How this skill works

On each round the assistant picks a focused self-prompt (e.g., counterexample, boundary case, adversarial input) and updates an Argument Map, a Round Ledger, and a Knowledge Delta. Rounds proceed in a defined cadence: autoloop (default) runs one round per assistant turn until Oracle synthesis; step mode pauses between rounds; full auto runs rounds 1–10 plus Oracle in one turn.

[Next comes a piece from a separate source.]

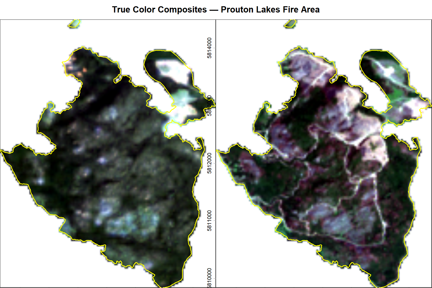- The Prouton Lakes fire (C30870) burned approximately 859.3 hectares, representing a relatively localized but well-documented fire with variable burn severity, making it well-suited for detailed remote sensing analysis.
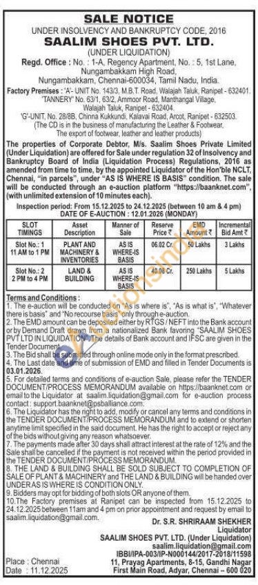 Liquidation E-Auction Plant & Machinery Auction in chennai, Chennai

The final Oracle synthesis produces a refined claim, valid/invalid conditions, confidence trail, and next tests.

When to use it

  • User asserts certainty words like "always", "never", "guaranteed", "optimal", "100%".
  • User asks for "prove it", "devil's advocate", "stress test", or "rigor".
  • A claim feels unusually clean or lacks explicit scope or assumptions.
  • You need a reproducible test plan or boundaries before deploying a decision.
  • Preparing a defensible statement for audits, compliance, or high-stakes choices.

Best practices

  • Start by restating the exact claim and its scope before running rounds.
  • Default to autoloop unless the user requests step mode or full auto.
  • Publish Round Ledger and Knowledge Delta after every round for traceability.
  • Prefer concrete, smallest counterexamples and measurable tests.
  • Synthesize a refined claim with explicit "valid when" and "invalid when" boundaries.

Example use cases

  • A product manager claims a feature "will always increase retention" and needs stress-testing and boundary conditions.
  • An engineer says a model "cannot fail" in production; run adversarial and operational rounds to find failure modes.
  • A strategist asserts a tactic is "optimal"; run comparative baselines and alternative-paradigm rounds to challenge it.
  • A researcher wants a fast disproof experiment to decide whether to pursue an idea.
  • A compliance reviewer needs explicit assumptions and tests to approve a high-risk deployment.

FAQ

How many rounds will you run?

Default autoloop runs one round per assistant turn up to the ten-round gauntlet and then Oracle synthesis; if confidence stays low, additional rounds (11+) run until sufficient confidence.

Can I pause between rounds?

Yes—invoke step mode by asking for "step mode", "pause", or "one round at a time" and the skill will wait for your "next" before proceeding.